Friday, December 13, 2013

STAASH - STorage As A Service over Http - A multi-storage abstraction layer

by Christos Kalantzis and Shyam Singh


Netflix’s Astyanax project, and the recipes contained therein, have been a tremendous tool in helping Java developers adopt Apache Cassandra (C*), both within Netflix and outside of Netflix.  A common request we have gotten from non-Java, or non-JVM based (eg: Python, Ruby, BASH, JavaScript), developers is that they would like to take advantage of the recipes provided in Astyanax such as All-Rows-Query or Chunked-Object-Store.

STAASH’s short-term goal is to recreate the most popular Astyanax recipes as a service, providing a REST based API to Cassandra. This would allow ANY language to consume those recipes.

STAASH’s long term ambitions are much greater. We would like STAASH to provide an abstraction layer to multiple storage engines, allowing each engine to be accessed using the same API.  If you ever wanted to migrate an application from one DB technology to another, STAASH can help with that migration. We also foresee the ability to join data between multiple storage engine types. (Think joining a MySQL table with a C* column family) We currently have a POC of this feature.

STAASH is being open sourced in a very early stage. We have tested it and it is already being adopted by some teams within Netflix.  We want to evolve this project in the open, building a community around the project and taking feedback and contributions at a very early stage of the project’s life cycle.

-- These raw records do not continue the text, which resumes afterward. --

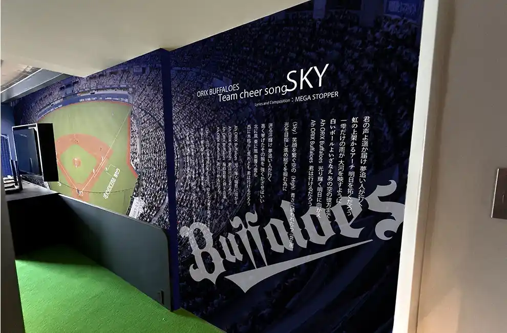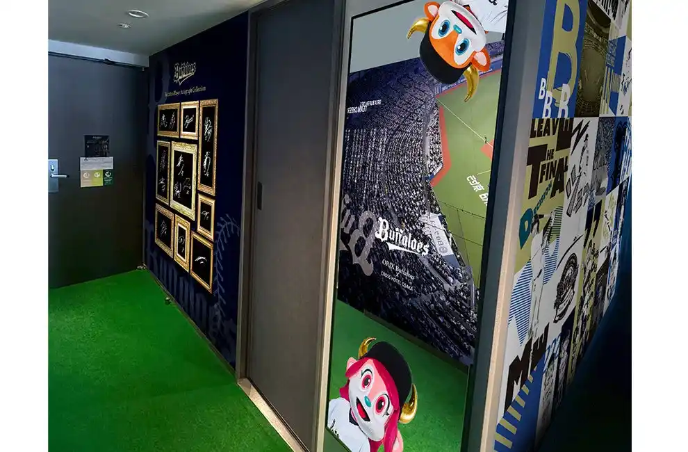 客室の扉はオリックス・バファローズの新しいロゴと、球団カラーのゴールドとネイビーをバランスよく配したデザインが施され、入室前からわくわくする空間へ誘います。入室すると足元からグラウンド感を感じる人口芝を敷き詰めた床が広がり、右側にはラッキーセブンを盛り上げる球団応援歌「SKY」の歌詞が組み込まれた京セラドーム大阪のパノラマウォールシートを配置。左側には選手のサインがデザインされたウォールシートがお出迎えします。
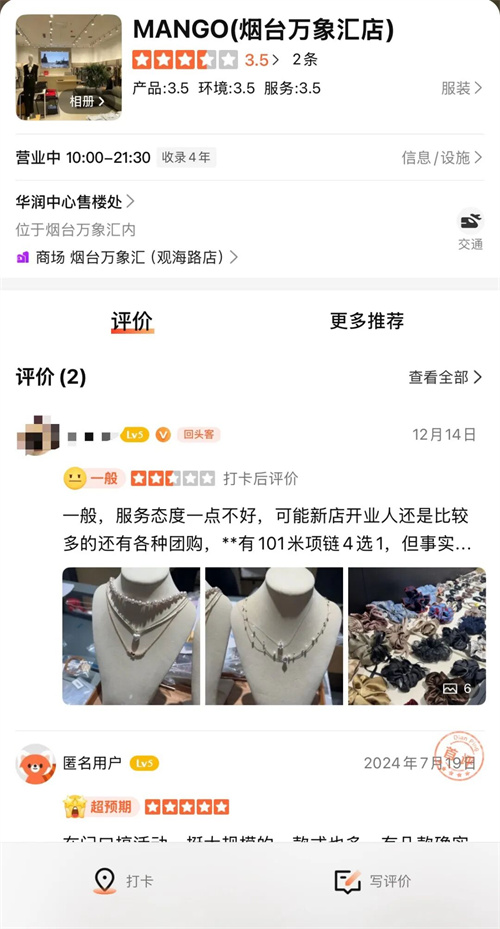 值得一提的是,大众点评显示,MANGO目前在烟台万象汇已有一家门店,被收录4年,该门店首评发布在2014年,最新评论在2025年12月14日。
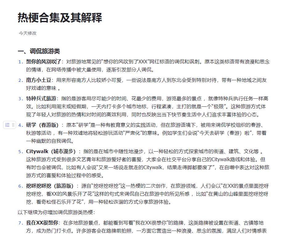 - 旅游咨询→调用"特种兵式旅游"/"Citywalk"
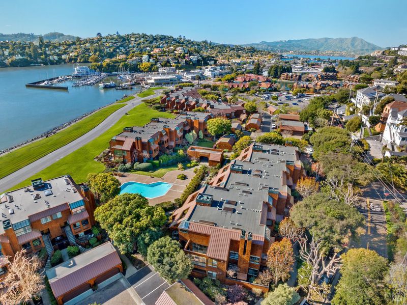 Luxurious and sophisticated end-unit townhome, located in the sought-after Point Tiburon Bayside development. Spacious living areas, high-quality finishes, a great layout, and a private location. Blocks to downtown Tiburon's Main Street with gourmet restaurants, the San Francisco and Angel Island ferry service, and waterfront pathways. The light-filled living/dining room features a wood-burning fireplace, designer carpeting, recessed lighting, large windows, and sliding glass doors that open to two entertainment decks with views of the bay and Belvedere Island. The beautifully designed kitchen features granite countertops, hardwood floors, a center island with counter seating, and high-end stainless steel appliances. The inviting family room features a fireplace and sliding glass doors opening to a private deck. Sophisticated built-in bar area with granite countertops, custom cabinetry, and a beverage fridge. The upper level features a spacious primary suite, two comfortable bedrooms, a stylish full bath, and a laundry closet. The primary suite features a wood-burning fireplace, built-in cabinetry, a walk-in closet, picturesque water views, a spa-like bathroom, and sliding glass doors opening to a sunny view balcony. Detached garage and 1 dedicated uncovered parking spot.
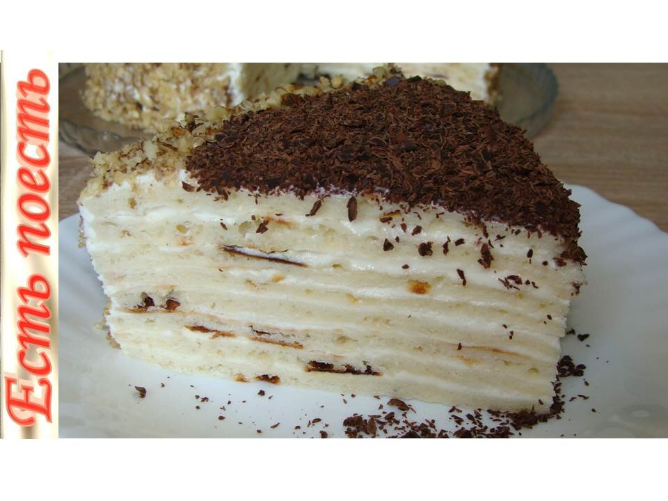 Торт готовится очень быстро, на сковороде. Несмотря на присутствие творога, он совсем не чувствуется. Получается очень мягкий, нежный и вкусный тортик. У меня диаметр сковороды 24 см, если берете сковородку меньшего диаметра, значит, делайте больше коржей, т.к они должны быть тонкими. Растереть все ингредиенты для теста (кроме муки и разрыхлителя) погружным блендером. Добавить половину муки, разрыхлитель, перемешать и добавляя остальную муку, замесить тесто. Разделить тесто на 8 частей. Каждую тонко раскатать (размером со сковороду). У меня диаметр 24 см, если берете сковородку меньшего диаметра, значит, делайте больше коржей, т.к они должны быть тонкими. Лепешки наколоть вилкой и выпекать на сковороде с двух сторон. Дать остыть и обрезать края. Сделать крем: перемешать все ингредиенты миксером. Сформировать торт, промазывая все коржи кремом. Обмазать верх и бока и украсить по желанию. Для большей мягкости можно пропитать коржи молоком. Убрать торт на ночь в холодильник для пропитк
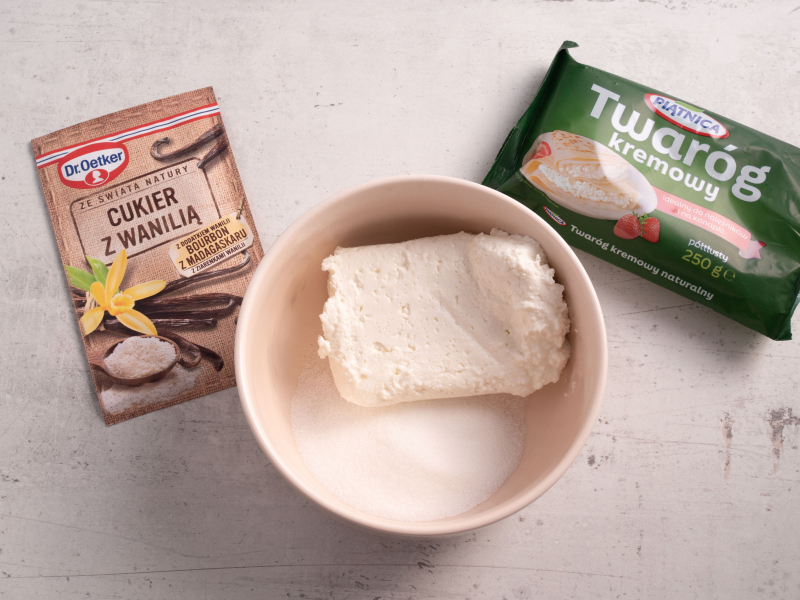 W miseczce wymieszaj twaróg z cukrem i cukrem z wanilią.
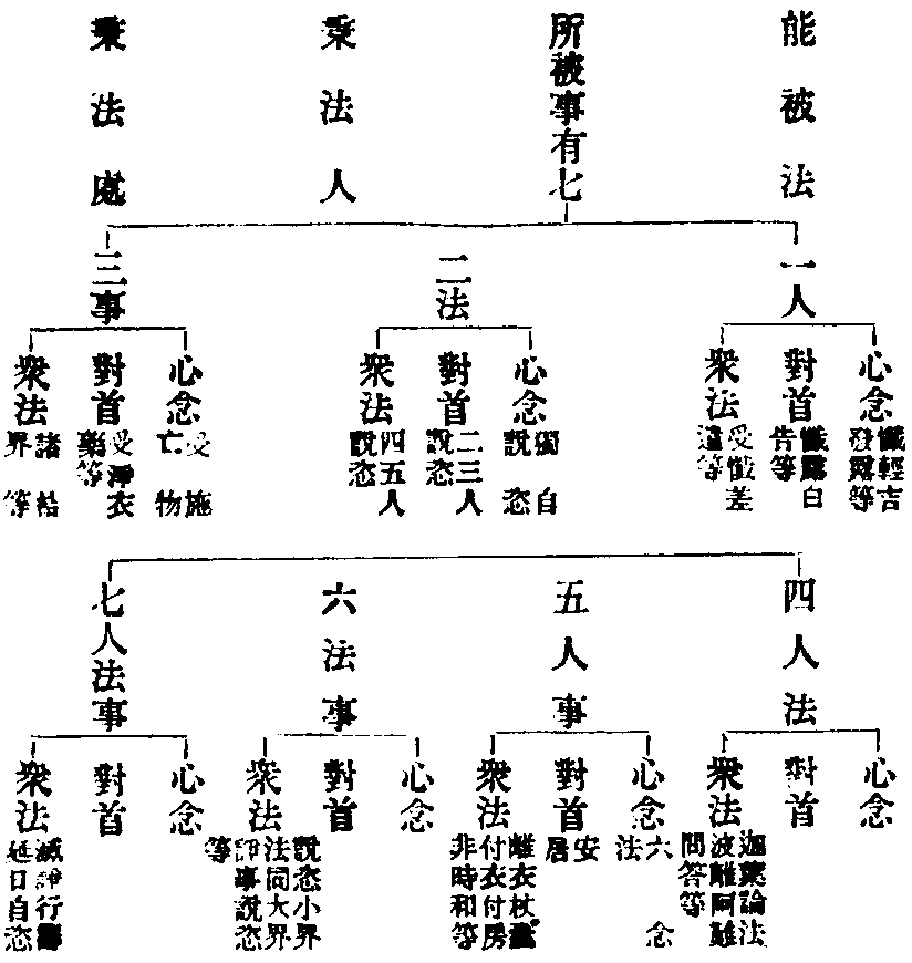 次科初明對法顯相說戒等者等取羯磨水乳無二戒疏云如水合水如乳合乳二物各論可喻和相僧雖下會上別人得名所以眾乃別人所聚別即成眾之緣故雖一人望能成眾故分兼得名且下一句示其總略別分七位如下自明。
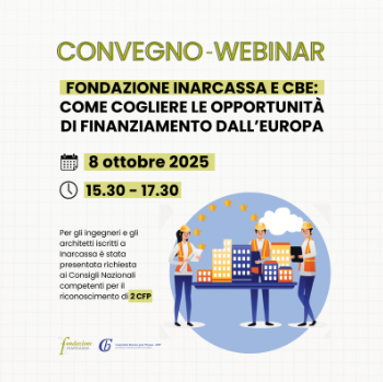 “Fondazione Inarcassa e CBE: come cogliere tutte le opportunità di finanziamento dall’Europa”, organizzato dalla collaborazione Fondazione Inarcassacon Coopération Bancaire pour l'Europe – GEIE di Bruxelles, in programma mercoledì 8 ottobre, dalle ore 15.30 alle ore 17.30.
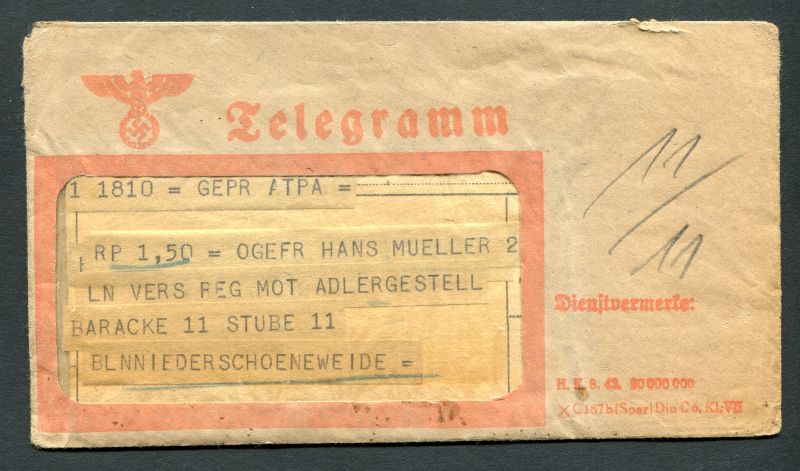 1944 TELEGRAMM Deutsche Reichspost. Haupttelegraphenamt Berlin. "geprüft ATPB (49)" Berlin-Niederschöneweide Bracke 11 Stube 11, im Original Telegramm Umschlag.
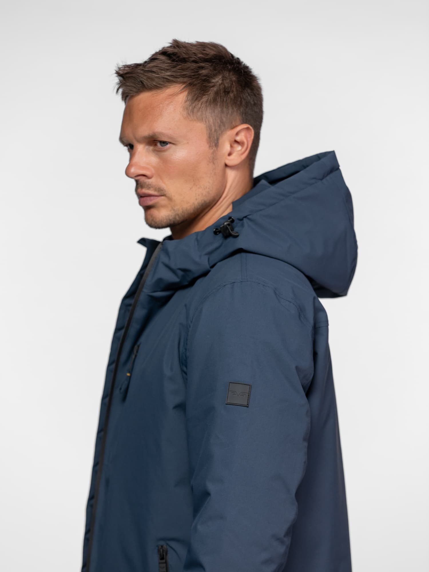 Le mannequin mesure 1.85m, il porte la parka en taille L.

Below is a graphical representation of STAASH:

What is available today?

Although STAASH is being released early, there is plenty of functionality in it already.  Currently you can perform the following actions:
  • Creating or registering Storages, Databases and Tables
  • Listing available Storages, Databases and Tables
  • Create, Read and Update data in the Tables
  • Apache Cassandra and MySQL support
  • Joins between Tables, even across different Storages

Below is a sample of how to use STAASH to create a Keyspace and Column Family in C* that contains user information for a social network. We will be storing a username, last name, first name, email and whether they paid or not.

Storage API

Create storage using a curl request
A storage is defined as the composition of physical hardware  information and the persistence technology indicated by the attribute “cluster” and “type” respectively. (For more details about the API, please visit the STAASH wiki)

PUT http://host:port/staash/v1/admin/storage

Create a database called socialnetwork

PUT http://host:port/staash/v1/admin

Create a table called users

PUT http://host:port/staash/v1/admin/socialnetwork
{“name”:”users” ,”columns”:”username, lastname, firstname, email,paid”,“primarykey”:”username”,


Add a user

PUT http://host:port/staash/v1/data/socialnetwork/user
{“columns”:”username, lastname, firstname, email, paid”, “values”:”rfederer,federer,roger,,N”}

Read a user’s information

GET http://host:port/staash/v1/data/socialnetwork/user/rfederer
{“columns”:”username, lastname, firstname, email, paid”, “values”:”rfederer,federer,roger,,N”}

For more information on STAASH APIs please refer to the STAASH wiki.

Planned Road-map

Here are the features we plan on adding in the very short term.

Event Series API

At Netflix, we have many use cases where we persist events and then read those events in chronological order. This API is meant to hide the sharding complexity from the app developers and make time-series reading and writing easy and efficient.

Out of the box Reverse Indexing

When accessing data, developers often want to filter their data on a key, other than the primary key. In a distributed database, this requires the developer to store those keys in an inverted index so as to avoid the overhead (full cluster scan) of a secondary index. This new feature aims at automating the reverse indexing usage pattern within distributed databases.

Astyanax Chunked-Object-Store Recipe

Please refer to github Astyanax page for more info on Recipes.

How can you contribute?

We are looking for feedback, input about which Astyanax recipes you would like to see implemented first, as well as code contributors to the project. The STAASH github page can be found here.

We plan on holding Meetups, both physical and virtual, in early 2014 to dive deeper into STAASH and it’s direction. We are very excited about STAASH and the community that can be built around it.